У меня куча знакомых фотографов, но ни один из них не сотрудничает с иллюстрированными журналами. Когда журналу «Лаки» надо было опубликовать фотографию «настоящего» героя, мы вызывали фотографа из местной газеты. Это был свой человек из рекламного издательства «Черроу энд Спалдинг Эдветайзер». Небрежно одетый, он входил с видом знатока, от которого ничего не ускользнет и который из всего сумеет извлечь дополнительную прибыль. Я столкнулась с одним из таких фотографов, когда брала интервью у женщины из Хала, которая, к своему удивлению, узнала, что она была беременна, только после того, как родила ребенка.

Фотограф морщился, когда она кормила из бутылочки орущего младенца.

— Как все это ужасно, правда? — шептал он. У него было лоснящееся, овальное лицо, похожее на оливу.

Наша хозяйка сорвала целлофановую обертку с упаковки и положила бутерброды с тертым сыром на самый маленький столик.

— Итак, вы переночуете в Хале?

— Боже упаси, — сказал фотограф. — Я уезжаю ближайшим поездом, идущим в Лидс. У меня уже есть обратные билеты.

Мне это показалось намного ужаснее, чем носить ребенка полный срок, пребывая в блаженном неведении.

Из маминых ноздрей снова валит дым, она всегда усиленно накуривается перед тем, как войти в помещение. Служащая в приемной отрывает взгляд от беспорядочно разбросанных на столе вещей. Ее иссиня-черные волосы собраны в пучок дешевой пластмассовой заколкой. Пенал лежит около обернутого клейкой лентой телефона.

— Фотомодель? — отрывисто спрашивает она, черные брови взлетают вверх.

— Нет. Я здесь, чтобы…

— Вы привезли на съемки ребенка, да?

Я киваю, давая ей понять, что мы здесь не по своей воле. Она кивает головой налево, указывая на соседнее помещение. Спиной толкаю дверь и просовываю детское автомобильное кресло в просторную прохладную студию, ощущая за собой тяжелое дыхание своих родителей.

По прическе Элайзы можно понять, что съемки проходят не совсем гладко. Волосы спадают на ее встревоженное лицо.

— Грег взбешен, — шепчет она. — Держись подальше от него, пока он сам тебя не позовет.

— Это не то, что я хотел, — раздраженно говорит фотограф. — Мы говорили о другом цвете.

— Я думал, вам нужен голубой, — отвечает парень с изнуренным лицом и цветным роллером в руке.

— Я сказал бирюзовый.
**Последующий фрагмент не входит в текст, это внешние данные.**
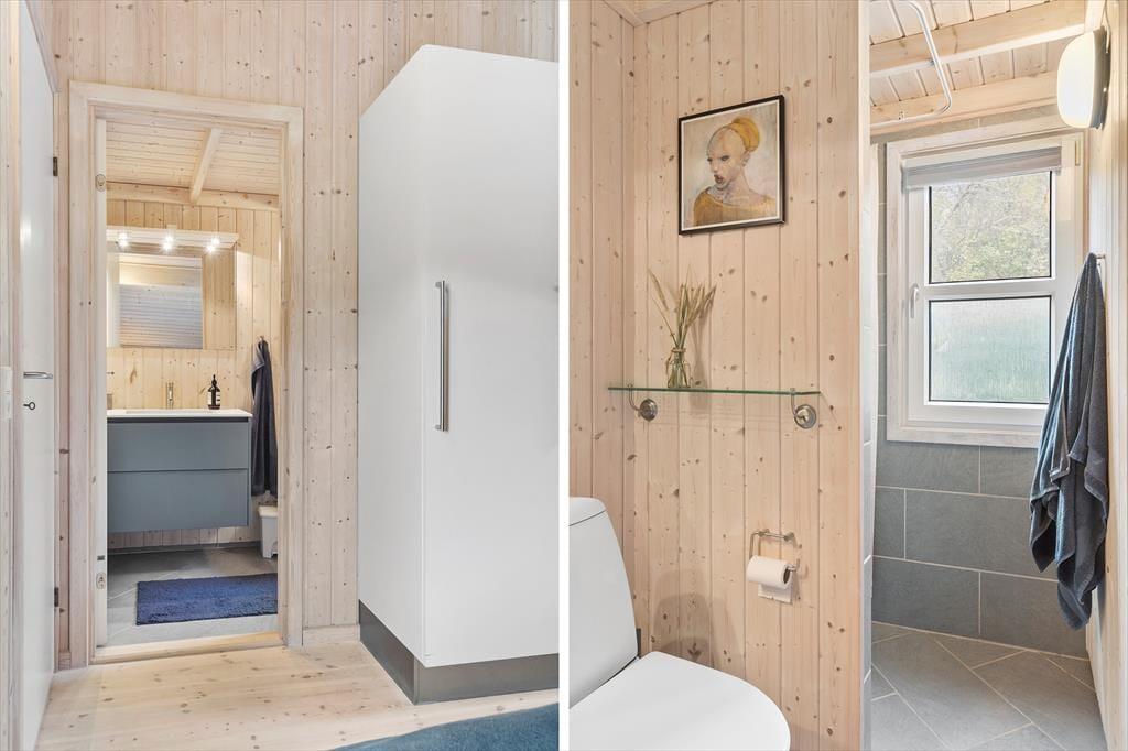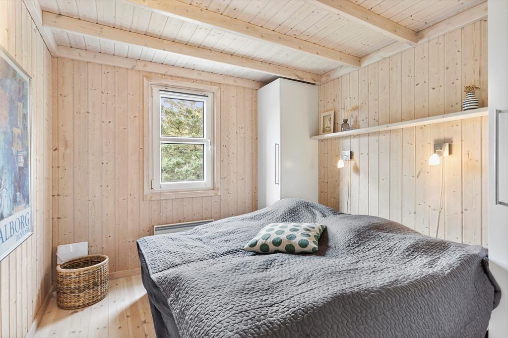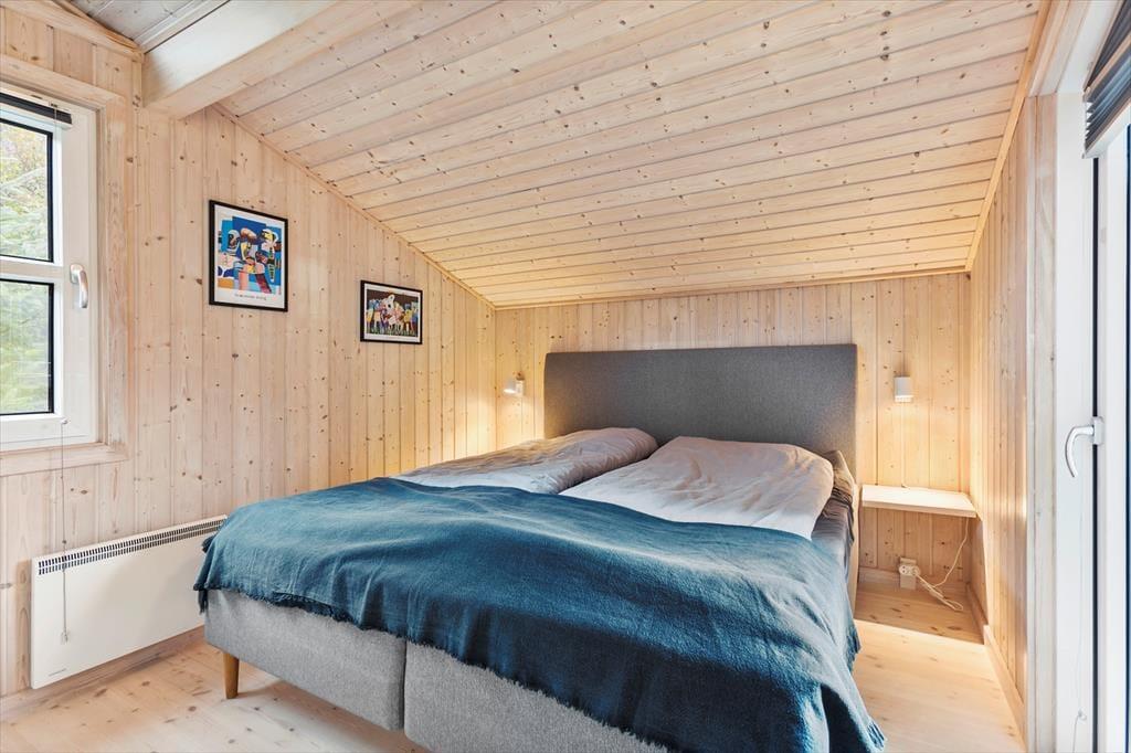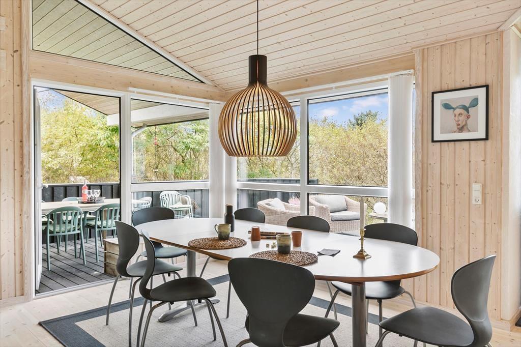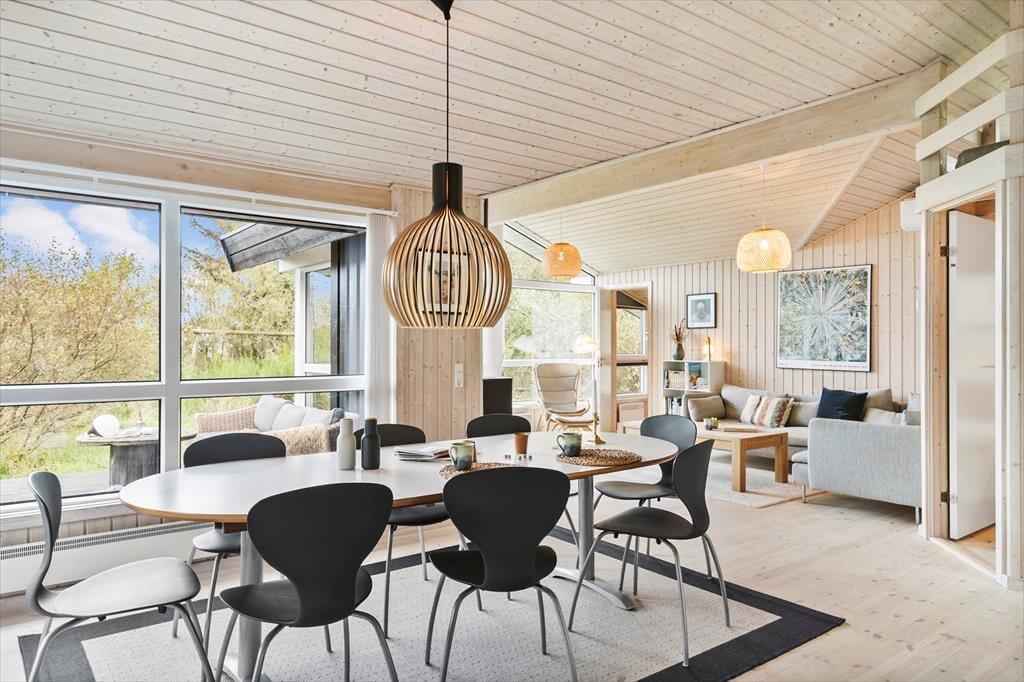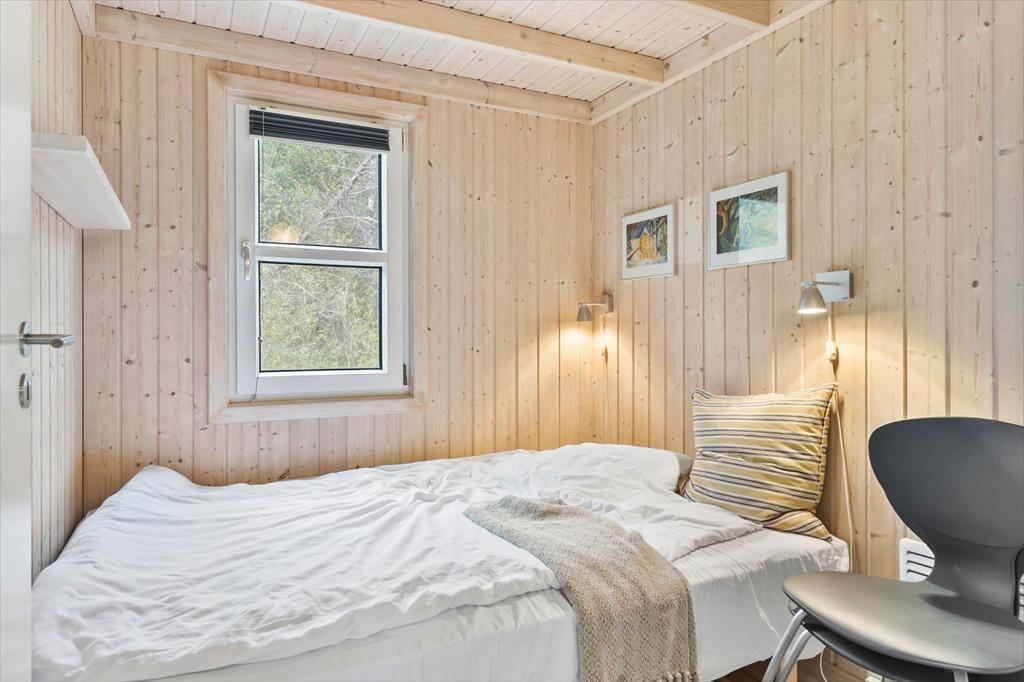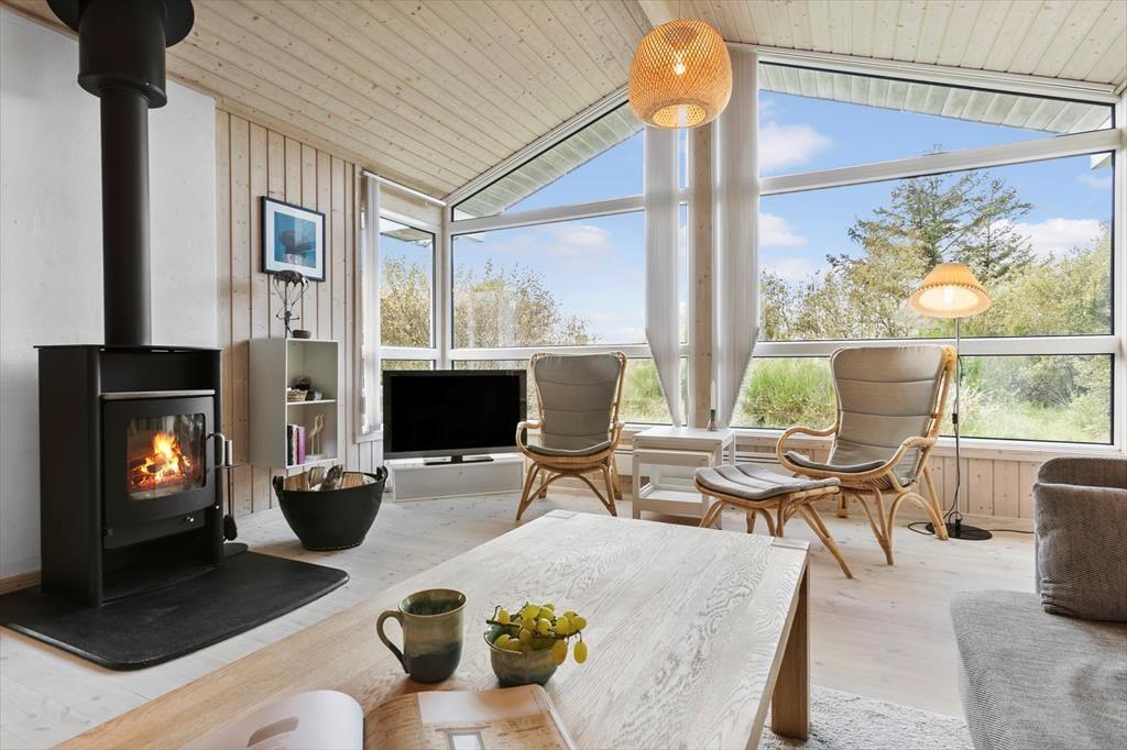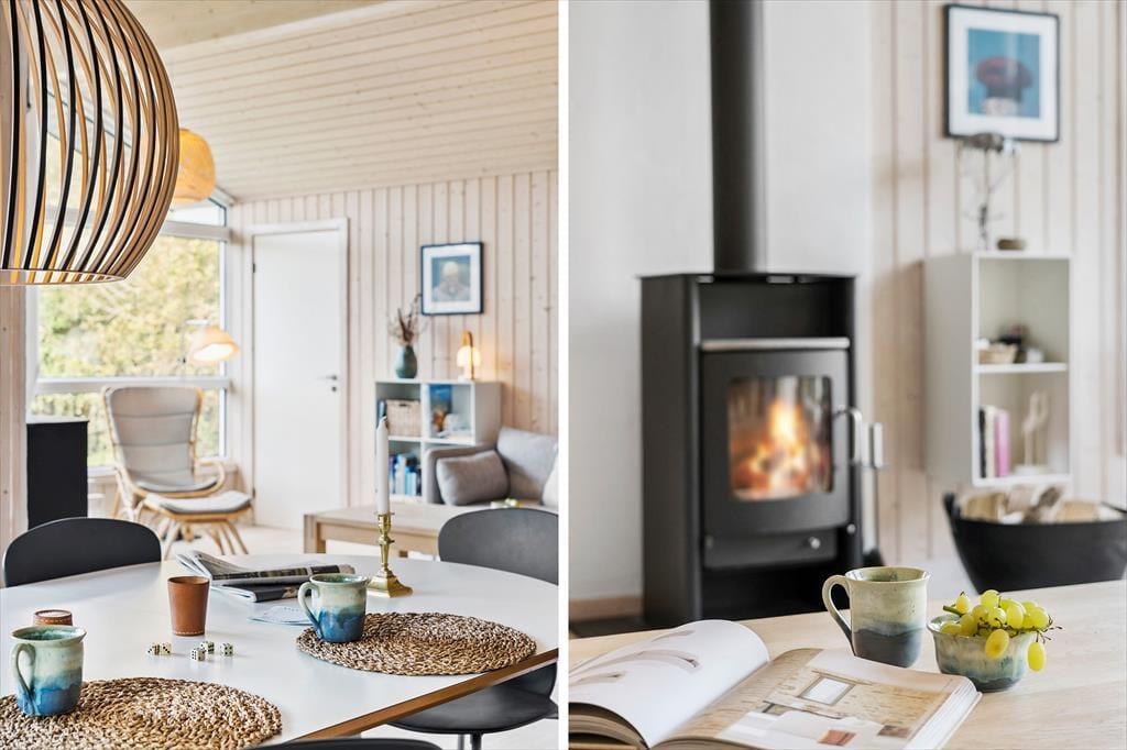 Sommerhusets indretning er både lys og venlig, og der er kælet for detaljerne i de rummelige opholdsrum. Stuen og det åbne køkken er det naturlige samlingspunkt, hvor du kan nyde måltiderne eller slappe af med en god bog ved brændeovnen. Huset har plads til seks personer fordelt på fire hyggelige soveværelser, som alle indbyder til en god nats søvn efter en dag fyldt med oplevelser. Køkkenet er godt udstyret, så du nemt kan tilberede alt fra morgenmad til middag i de hjemlige omgivelser. Derudover giver store vinduespartier dig en flot udsigt til de naturskønne omgivelser.

Бледноватый, не очень яркий, водянисто-бирюзовый цвет.

Роллер помощника падает на пол.

— Он покрасил бухту не в тот цвет, — шепчет Элайза. — Грег недоволен. — Она держит утюг и платье из тонкой ткани бледно-розового цвета.

— Что за бухта? — спрашиваю я.

— Безграничная бухта. Вот эта изогнутая стена.

Думали, что она голубая.

— Она голубая, — возражает ассистент. У него шишковатые локти. Зеленые глаза выражают недовольство жизнью. Маленькая коричневая собачка бредет через разбрызганную краску, вытягивает шею и обнюхивает себя. Ассистент отходит в сторону, так как не имеет права прогнать дрожащее животное с места, где оно приводит себя в порядок.

— Я сказал бледный, Дейл. Почти пастельный. Как в прошлый раз, — добавил Грег дружелюбнее.

— Но ведь это и есть бледный.

— Да, бледный, но я хотел, черт побери, чтобы он был насыщенным.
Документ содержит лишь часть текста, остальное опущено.